RMS upgrades European windstorm model
Risk Management Solutions has upgraded its Europe Windstorm Model to include three new Eastern European countries.
The firm claims the model now offers complete, seamless coverage across 15 countries - including three new Eastern European countries, Poland, Slovakia and the Czech Republic - providing clients with a consistent view of risk and new insights into portfolio diversification opportunities.
Since the last model update in 2006, RMS said it has examined over two million individual claims, integrating lessons from damaging windstorms including Kyrill, Emma, Klaus, and Xynthia, to update building vulnerability for all lines of business in every country, providing deeper insight into windstorm damage across the region.
Recent improvements in computing technology have enabled greater complexity of modeling and precision of meteorological forecasting models. Using 100 times more computing power than was previously available, windstorm simulations have been determined using an advanced Global Climate Model, which generates physically realistic events.
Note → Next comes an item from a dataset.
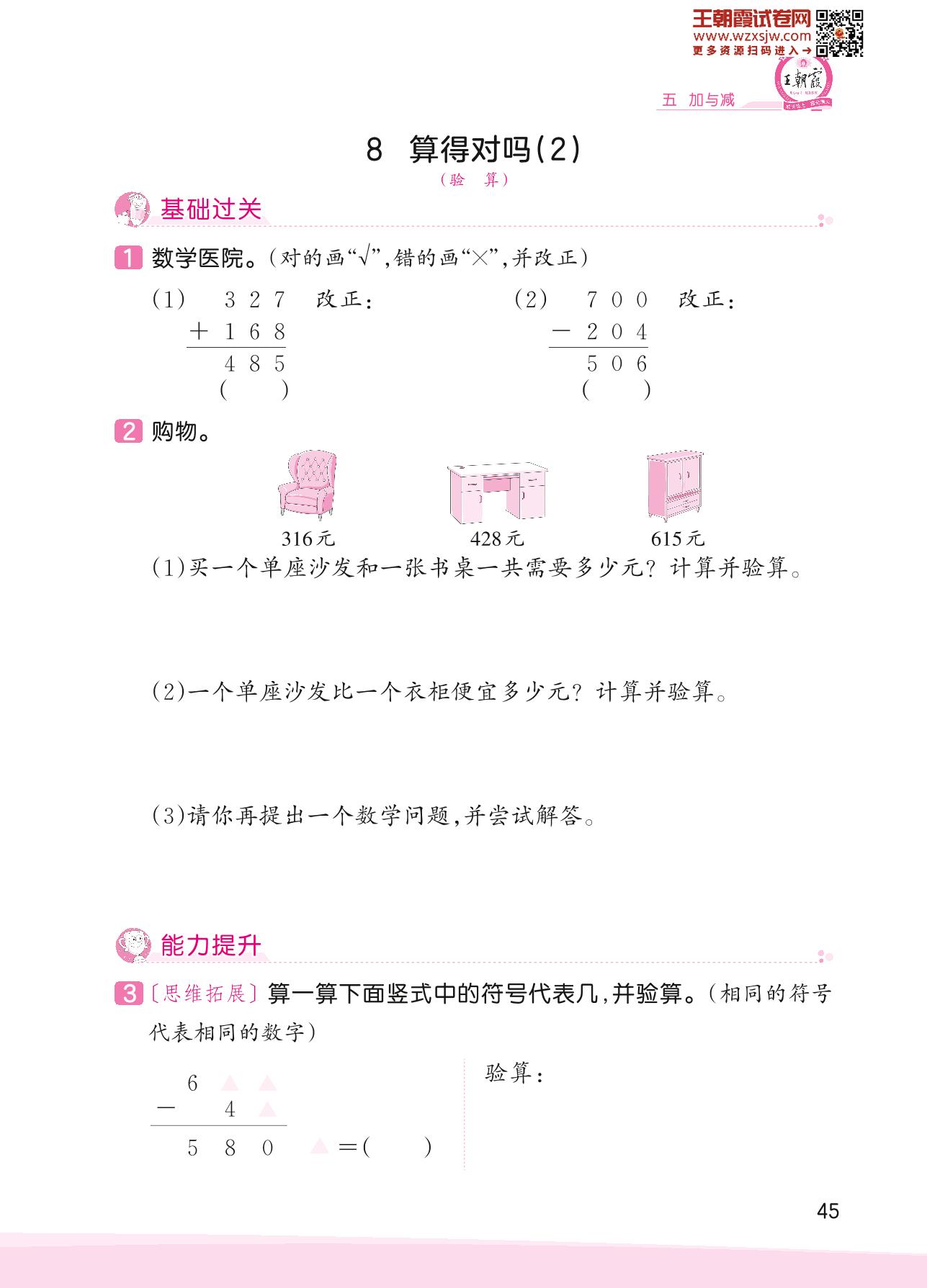 2023下册二年级数学北师版 五 加与减——8 算得对吗(2)

"To our knowledge, version 11.0 is the only example of such a comprehensive and realistic event set available in a commercial catastrophe model," said Stefan Beine, senior director at RMS. "We used advanced modeling techniques to broaden the range of possible events that could occur and produce highly detailed storm footprints."
As a result of the revisions, the model now also includes 135 historical storm reconstructions from the past 40 years, helping to provide a more comprehensive basis for validating historical loss estimates.
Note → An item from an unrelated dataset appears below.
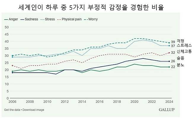 걱정과 스트레스 외에 슬픔(26%), 분노(22%), 신체적 고통(32%)을 경험한 비율도 높게 나왔다. 보고서는 “코로나19 팬데믹 때보다는 낮아졌지만 모든 수치가 10년 전보다 훨씬 높아졌다”고 밝혔다.

Additionally, a new windstorm clustering methodology enables companies to assess the sensitivity of model results to multiple events in a given year, for example in years like 1990 and 1999 when a series of windstorms occurred.
This methodology enhances companies' understanding of tail risk and can better inform pricing for reinsurance treaties based on aggregate losses.
"The enhancements to our Europe windstorm model will ultimately empower companies to make more realistic capacity allocation and capital management decisions, as well as help to determine appropriate reinsurance structures and pricing," said Ryan Ogaard, senior vice president of Model Solutions at RMS.
RMS added that it expects to see increases in the average annual loss in most regions, more closely matching historical experience. With the addition of small storms, which are not generally considered to be catastrophe events, the model now represents a more complete view of loss from the range of windstorms.
"Europe windstorms are a complex phenomenon, and the region contains a diverse array of geographic features, building practices and market conditions. All of these factors combine to create a wide variety of model result impacts that are highly dependent on a company's unique risk profile," said Mr. Ogaard.